I am a Senior Software Engineer at Quansight Labs, where I am currently working on community support for free-threaded Python. During the course of this project, I led the effort to support free-threaded Python in NumPy and helped add support for free-threaded Python to foundational community Python projects accross the ecosystem. I am also the author or editor of most of the documentation on the Python free-threading guide, which I hope will be a lasting community resource.

After shipping NumPy 2.1 with support for the free-threaded build, I moved onto PyO3 and led the effort to ship support for building thread-safe Rust extensions for use with the free-threaded build in PyO3 0.23. I have also been fixing bugs in NumPy reported by the community. As a foundational library it’s important that NumPy be usable on the free-threaded build and I am excited to already hear about preliminary use-cases that demonstrate the raw compute power unlocked by the free-threaded build.

I will be giving a talk about my experience over the course of 2024 and 2025 with free-threaded Python at PyCon 2025. Stay tuned for more information about that!

Before working on free-threaded Python, I shipped support for UTF-8 variable-length string arrays in NumPy 2.0 and helped lead the wider community effort to ship the first major release of NumPy in more than a decade. I championed a UTF-8 string DType as the major new feature of NumPy 2.0 and authored NEP 55 to argue that the community should accept the new feature. This in-depth design process led to a number of radical improvements to the initial design. I described my experience going from very little low-level Python C API experience to becoming a NumPy maintainer in a talk at the Scipy 2024 conference. The talk was transcribed into a blog post on the Quansight blog.

I took time off from work on software From March 2020 to October 2022 to help support my family and to recover from burnout.

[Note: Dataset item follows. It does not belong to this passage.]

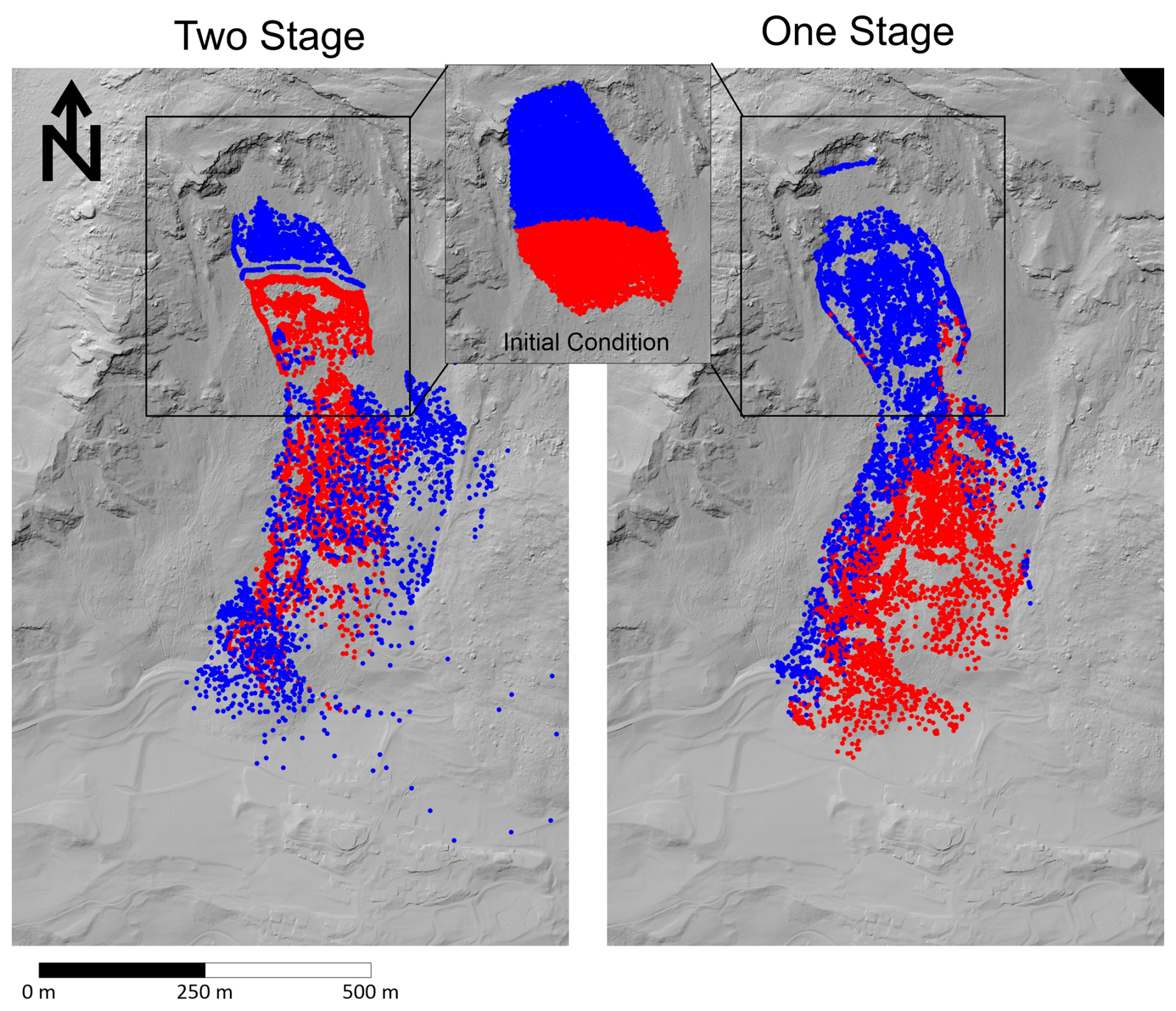 Figure 9Comparison of lithology distribution for the two-stage and one-stage simulations. Red: mainly Allgäu Schist and to a minor extent Raibler Rauwacke, Blue: Vallatscha Dolomite. The inset shows the pre-failure distribution of the two main lithologies at the source zone at t=0. Elevation data used to generate hillshade: © swisstopo.

After a stint at the Recurse Center in 2019, I took at job at Quansight where I worked on PyTorch. At the time, the Quansight PyTorch team helped the Meta PyTorch team to identify and fix bugs reported by the community and to lead projects implementing features heavily requested by the community. I fixed a number of bugs in PyTorch and shipped the __torch_function__ mechanism for easily overriding and extending PyTorch in libraries that wrap PyTorch tensors.

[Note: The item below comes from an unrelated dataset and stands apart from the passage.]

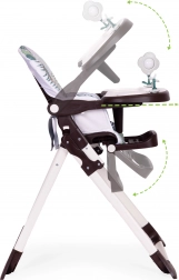 Breed, verstelbaar en tweelaags blad met uitneembare bovenste inzet is eenvoudig te reinigen. Geïntegreerd speelgoed vermaakt het kind tijdens het wachten op het eten en ondersteunt de motorische ontwikkeling.

My time at the Recurse Center focused on improving my facility with the Rust programming language. You can read the blog posts I wrote there on this blog about my efforts to implement a Rust client for the Mercurial distributed version control system.

My academic career ended as a a research scientist at the University of Illinois’ National Center for Supercomputing Applications in the Data Exploration Lab.

At that time, I was a maintainer of The yt Project, a Python toolkit for working with 3D simulation data. As a member of the yt steering committee, I helped bring yt under the umbrella of NumFOCUS. I also helped write, publish, and maintain unyt, a library for handling data with physical units in Python. I published a paper in the Journal of Open Source Software describing the library, its origins, and comparing performance and software engineering decisions with competing Python libraries.

In the past I worked on improving scaling and performance when working with gigabyte and terabyte-scale particle datasets in yt and shared my experience with the community in a SciPy conference talk in 2017. I am also the original author of the PlotWindow plotting interface that makes opinionated styling decisions to make it possible to quickly generate publication-quality visualizations of simulation data using an API based on what the data physically represent rather than how the data are laid out on-disk. I described the philosophy behind PlotWindow as a domain-specific visualization tool in a 2016 talk at the PlotCon conference.

During my PhD I ran simulations of Milky-Way like disk galaxies to understand how global properties of disk galaxies influence the formation of stellar nurseries and how the energy deposited by newborn massive stars feeds back to global disk scales, creating a steady-state system much like our galaxy has experienced for billions of years. The data and analysis software and raw simulation data used in my thesis are publicly available. I described the process of publicly releasing a large tranche of data in a talk at the Python in Astronomy conference. I also talked about exporting simulation data into a Minecraft server.